Политика — скользкая дорожка, но прибыльная, если с мудростью к ней отнестись.
— Мы же не будем его убивать, Карл Иванович? — поежился Лева.
— Его? Что Вы. Я написал фамилию «Бок». Да и не в убийстве сыром дело. Убийство — пустяк и грязь. Нож об скорлупу — и человека нету. Нож об скорлупу — и мозги на стену. Мы должны учинить скандал, подвергнуть массы в ужас… Вы понимаете о чем я Вам толкую? Я хочу, чтобы общество горело и болело. Раны от революции и войны еще свежи, — пара движений и бездна, анархия!
— Она невозможна.
— Лишь краткий ее миг! Власть над собой, власть и возможность изменить все любому вздоху. Уровень напряжения и лопнувший гнойный нарыв — все эти вещи могут дать свободы. И поверьте, один этот миг, всего один, перевернет всия существование. Лева, разве Вы не желали ее?

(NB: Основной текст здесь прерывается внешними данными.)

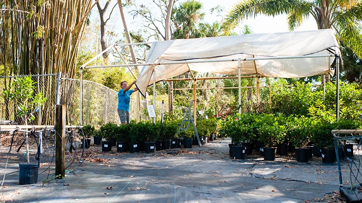 Pictured above: Chuck Walker, staff member at Lindley's Nursery & Garden Center in New Smyrna Beach, Fla., repairs an awning during the retailer's recovery from Hurricane Irma. Photo by Laura Yang.
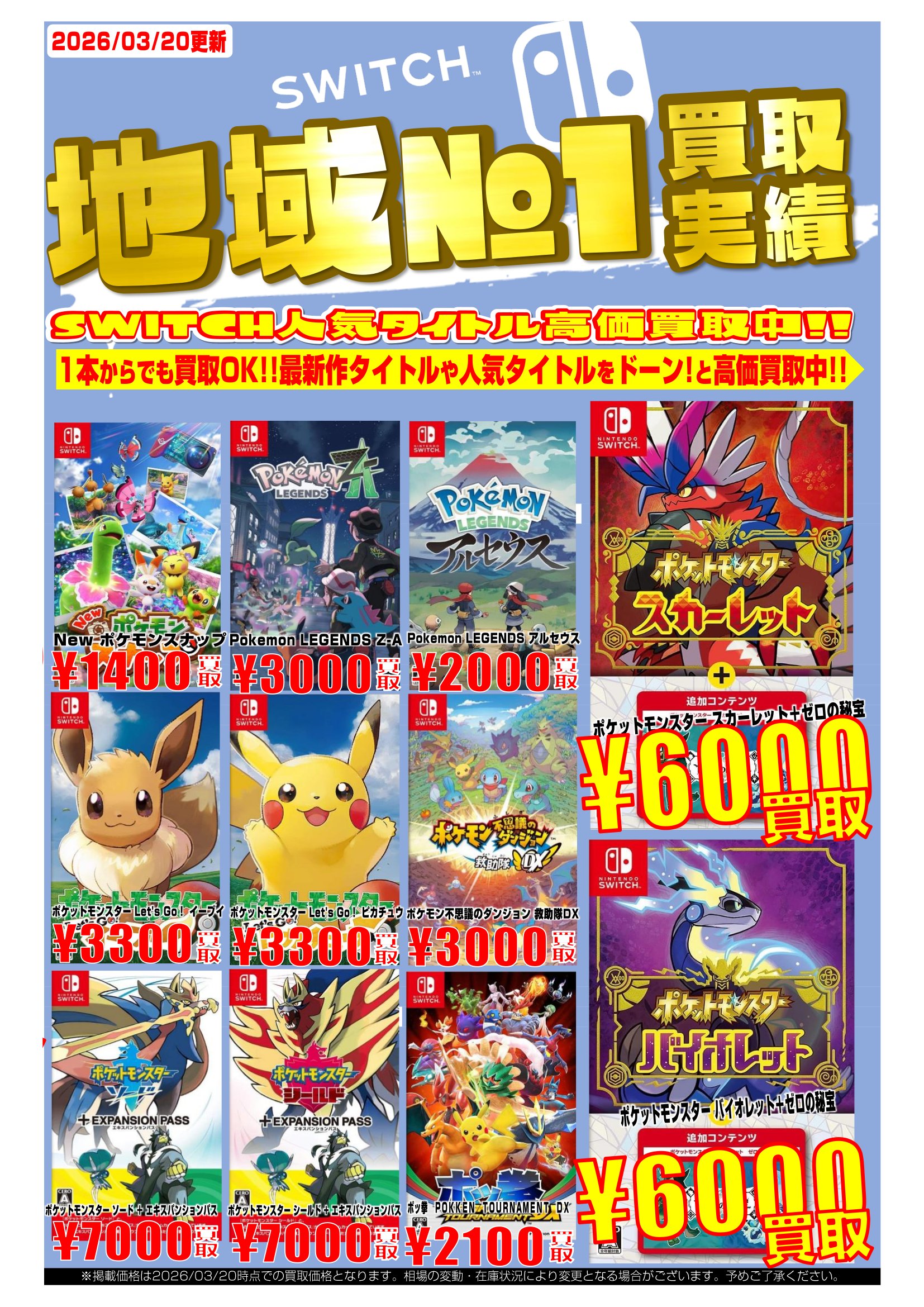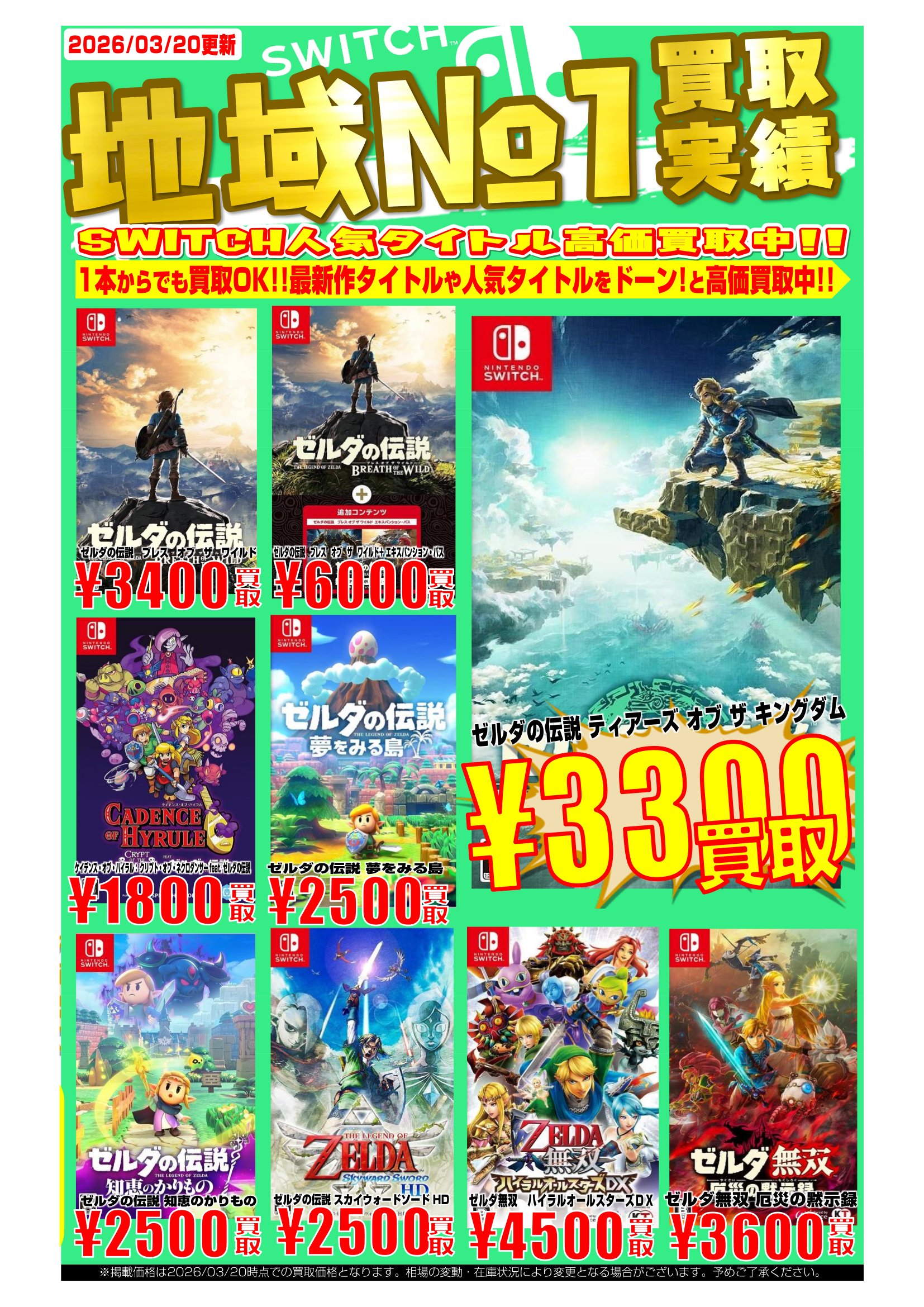| 買取価格は店頭査定にて相場や在庫数により変更になる場合がございます。 | ||||

— Свободы? — Лева задумчиво посмотрел в окно. Свободы — Звучит, как максималистская глупость, Карл Иванович.
— Желали. — сделает вывод Карл Иванович, и стукнет каблуком по старым доскам паркета, извлекая из кармана кисет для табака.
— Табак жевать вредно для зубной эмали. — черт на довод протектора лишь надменно фыркнул.
— Мне приятна Ваша забота, но, боюсь, это уже ничего не значит, — зубы у утописта были ужасные — Сий час мы съездим отужинаем, и я Вам расскажу наш план во всех les petits détails*.
— А здесь нельзя? Чего мотаться? — скучающе спросил Лева, отдавая надоевшую папку обратно в сухие ладони.
— Можно, конечно, но у меня все просчитано и задерживаться здесь не стоит, Лева. Хотя бы из уважения к моему философскому гению. Знаете, чем моя идея отличается от всех этих беззубых немцев? — дальше начался монолог полный бахвальства, а Дамантов лишь позже пожалеет, что отнесся к поданному ему документу невнимательно.